_Assigned task_
Look below for the line containing "Dress your little" and the line containing "Drawing, design for", then set down both and every line between them exactly, without pictures.

_Source information_
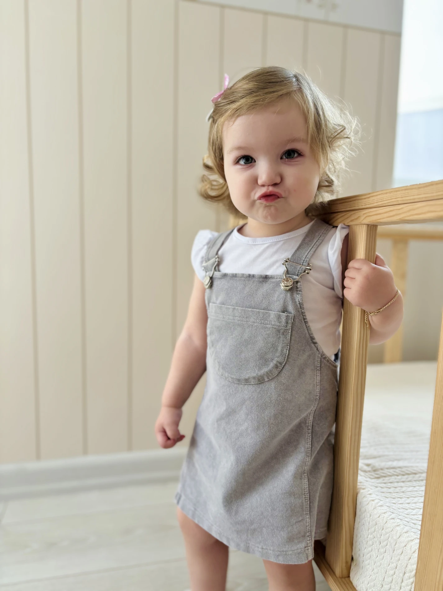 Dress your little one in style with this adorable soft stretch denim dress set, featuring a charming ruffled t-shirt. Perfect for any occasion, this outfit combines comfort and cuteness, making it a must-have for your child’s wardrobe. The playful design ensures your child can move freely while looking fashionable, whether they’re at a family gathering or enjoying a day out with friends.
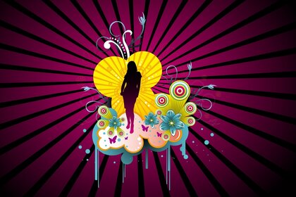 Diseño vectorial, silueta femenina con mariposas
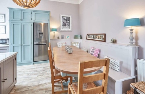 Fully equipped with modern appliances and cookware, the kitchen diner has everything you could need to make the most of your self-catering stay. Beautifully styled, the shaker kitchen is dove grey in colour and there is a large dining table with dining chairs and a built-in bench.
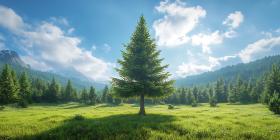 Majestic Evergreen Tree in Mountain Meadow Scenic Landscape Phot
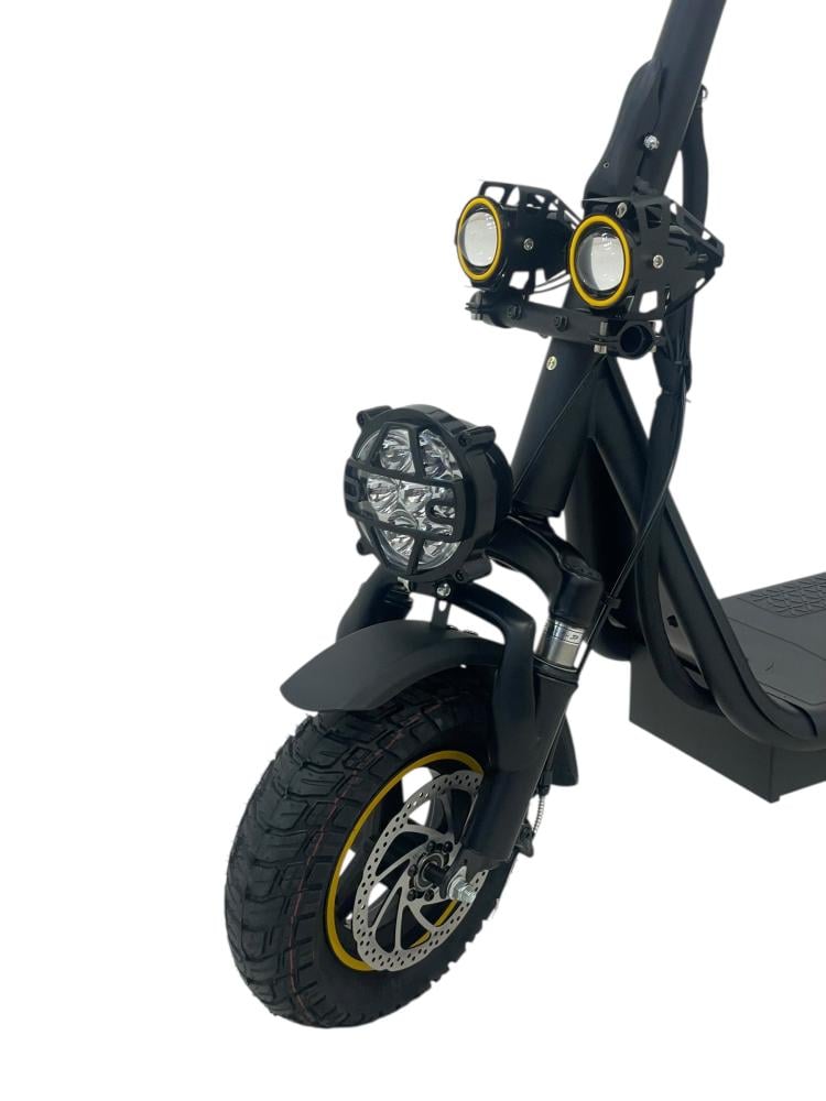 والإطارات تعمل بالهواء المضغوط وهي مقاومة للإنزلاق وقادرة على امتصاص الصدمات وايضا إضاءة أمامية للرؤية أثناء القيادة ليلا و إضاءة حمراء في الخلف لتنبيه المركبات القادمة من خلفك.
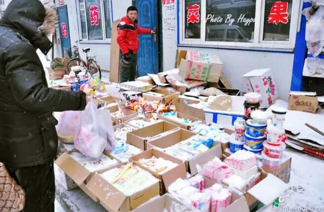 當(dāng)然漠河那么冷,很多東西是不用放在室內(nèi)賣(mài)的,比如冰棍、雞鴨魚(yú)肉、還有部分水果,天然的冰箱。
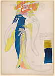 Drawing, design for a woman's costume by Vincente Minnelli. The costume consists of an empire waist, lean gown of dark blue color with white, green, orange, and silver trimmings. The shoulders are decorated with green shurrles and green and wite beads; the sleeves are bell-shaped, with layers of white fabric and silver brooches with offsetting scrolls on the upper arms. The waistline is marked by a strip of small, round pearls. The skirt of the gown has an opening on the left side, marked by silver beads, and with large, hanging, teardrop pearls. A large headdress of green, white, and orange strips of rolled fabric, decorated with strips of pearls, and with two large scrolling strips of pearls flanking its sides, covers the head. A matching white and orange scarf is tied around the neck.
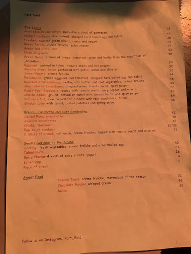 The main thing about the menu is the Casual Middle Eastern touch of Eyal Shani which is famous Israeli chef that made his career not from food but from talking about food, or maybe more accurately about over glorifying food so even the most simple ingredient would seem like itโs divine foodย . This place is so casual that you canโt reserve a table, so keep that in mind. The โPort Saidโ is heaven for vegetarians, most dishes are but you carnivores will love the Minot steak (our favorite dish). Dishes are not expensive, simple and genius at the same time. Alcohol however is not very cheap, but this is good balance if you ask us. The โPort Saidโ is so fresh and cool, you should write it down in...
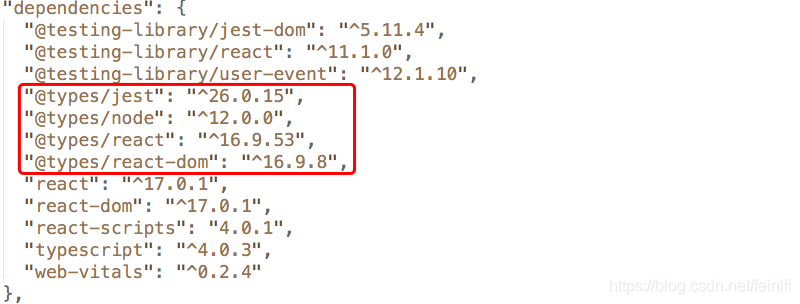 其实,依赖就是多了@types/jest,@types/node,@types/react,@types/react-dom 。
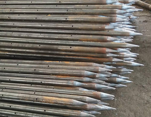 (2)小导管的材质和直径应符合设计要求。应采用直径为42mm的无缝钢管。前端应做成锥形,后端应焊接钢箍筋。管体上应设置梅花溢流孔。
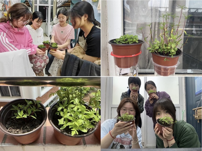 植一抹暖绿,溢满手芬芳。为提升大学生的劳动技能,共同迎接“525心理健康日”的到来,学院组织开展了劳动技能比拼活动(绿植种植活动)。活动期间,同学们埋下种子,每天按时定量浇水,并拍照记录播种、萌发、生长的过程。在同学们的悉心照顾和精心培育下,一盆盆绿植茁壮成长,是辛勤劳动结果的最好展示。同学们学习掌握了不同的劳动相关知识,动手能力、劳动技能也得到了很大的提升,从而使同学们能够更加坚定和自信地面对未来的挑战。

* * *

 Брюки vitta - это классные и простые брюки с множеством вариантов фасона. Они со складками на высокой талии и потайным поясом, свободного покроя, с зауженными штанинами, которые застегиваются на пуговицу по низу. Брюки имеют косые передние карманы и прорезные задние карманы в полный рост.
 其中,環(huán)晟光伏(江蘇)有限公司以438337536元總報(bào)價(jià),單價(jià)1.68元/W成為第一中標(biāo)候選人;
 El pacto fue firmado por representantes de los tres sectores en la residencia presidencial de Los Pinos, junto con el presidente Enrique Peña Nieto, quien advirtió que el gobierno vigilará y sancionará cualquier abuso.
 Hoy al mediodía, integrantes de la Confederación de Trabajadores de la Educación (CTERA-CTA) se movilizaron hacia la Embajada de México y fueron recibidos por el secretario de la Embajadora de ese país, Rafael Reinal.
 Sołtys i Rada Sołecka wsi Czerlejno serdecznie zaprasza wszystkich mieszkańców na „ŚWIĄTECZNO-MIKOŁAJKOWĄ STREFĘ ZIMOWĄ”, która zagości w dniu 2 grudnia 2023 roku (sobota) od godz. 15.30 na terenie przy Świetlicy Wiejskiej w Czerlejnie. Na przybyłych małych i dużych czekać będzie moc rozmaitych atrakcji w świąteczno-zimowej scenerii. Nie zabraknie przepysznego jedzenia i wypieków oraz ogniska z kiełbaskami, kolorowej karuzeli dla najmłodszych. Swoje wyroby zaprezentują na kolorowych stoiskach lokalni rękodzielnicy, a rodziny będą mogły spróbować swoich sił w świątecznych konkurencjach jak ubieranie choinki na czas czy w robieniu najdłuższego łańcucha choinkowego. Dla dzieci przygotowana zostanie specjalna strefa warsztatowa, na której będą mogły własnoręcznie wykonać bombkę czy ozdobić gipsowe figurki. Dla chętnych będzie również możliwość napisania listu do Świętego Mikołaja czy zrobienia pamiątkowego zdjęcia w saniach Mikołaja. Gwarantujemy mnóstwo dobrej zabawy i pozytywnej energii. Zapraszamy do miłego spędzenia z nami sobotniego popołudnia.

_Solution for this task_
 Dress your little one in style with this adorable soft stretch denim dress set, featuring a charming ruffled t-shirt. Perfect for any occasion, this outfit combines comfort and cuteness, making it a must-have for your child’s wardrobe. The playful design ensures your child can move freely while looking fashionable, whether they’re at a family gathering or enjoying a day out with friends.
 Diseño vectorial, silueta femenina con mariposas
 Fully equipped with modern appliances and cookware, the kitchen diner has everything you could need to make the most of your self-catering stay. Beautifully styled, the shaker kitchen is dove grey in colour and there is a large dining table with dining chairs and a built-in bench.
 Majestic Evergreen Tree in Mountain Meadow Scenic Landscape Phot
 والإطارات تعمل بالهواء المضغوط وهي مقاومة للإنزلاق وقادرة على امتصاص الصدمات وايضا إضاءة أمامية للرؤية أثناء القيادة ليلا و إضاءة حمراء في الخلف لتنبيه المركبات القادمة من خلفك.
 當(dāng)然漠河那么冷,很多東西是不用放在室內(nèi)賣(mài)的,比如冰棍、雞鴨魚(yú)肉、還有部分水果,天然的冰箱。
 Drawing, design for a woman's costume by Vincente Minnelli. The costume consists of an empire waist, lean gown of dark blue color with white, green, orange, and silver trimmings. The shoulders are decorated with green shurrles and green and wite beads; the sleeves are bell-shaped, with layers of white fabric and silver brooches with offsetting scrolls on the upper arms. The waistline is marked by a strip of small, round pearls. The skirt of the gown has an opening on the left side, marked by silver beads, and with large, hanging, teardrop pearls. A large headdress of green, white, and orange strips of rolled fabric, decorated with strips of pearls, and with two large scrolling strips of pearls flanking its sides, covers the head. A matching white and orange scarf is tied around the neck.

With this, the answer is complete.